Removing discretion here is important, given the history: Clinton’s HHS Secretary Donna Shalala killed importation right before Clinton began his new career giving paid speeches to corporate groups, including drugmakers.​​ Shalala, for her part, quickly joined the board of directors at the health insurance giant UnitedHealth Group.

That particular rogue secretary incident wasn’t some isolated occurrence: Unbound by stricter legislative mandates, President Barack Obama’s HHS Secretary Sylvia Burwell and President Joe Biden’s HHS Secretary Xavier Beccerra have refused to use existing laws to reduce the skyrocketing price of lifesaving medicines developed at government expense.

Legislators Must Actually Legislate, Especially Now

Of course, the language doesn’t fix the shortcomings of the legislation’s new Medicare drug negotiation initiative, and in preventing those negotiations from launching until 2026, lobbyists won themselves ample time to try to get the next few Congresses to repeal the program entirely.

However, the preemptive strike on a future rogue secretary represents an important and exceedingly rare thing in Democratic politics: an authentic effort to make a bill do what it purports to do.
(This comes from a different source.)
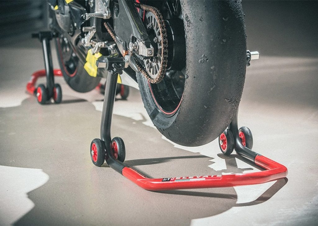 Patentovaný zadní stojan na motorku dodávaný ve třech snadno montovatelných dílech - lze ho sestavit bez použití šroubů a šroubováků.

The move recognizes that too often there is a chasm between a bill’s stated mission and its implementation, which not only undermines legislative intent, but also makes voters distrust politicians’ promises that help is actually on the way.

The attention to detail embodied by this provision is particularly critical right now, when the Supreme Court’s conservative bloc is trying to hamstring administrative agencies by preventing them from deriving regulatory and enforcement power from vague bill text.

Combating that conservative crusade will require lawmakers to avoid giving industries or courts ways to evade or eviscerate those laws during implementation. Legislators will have to actually legislate — that is, they will need to write their bills to explicitly empower and compel the executive branch to take action.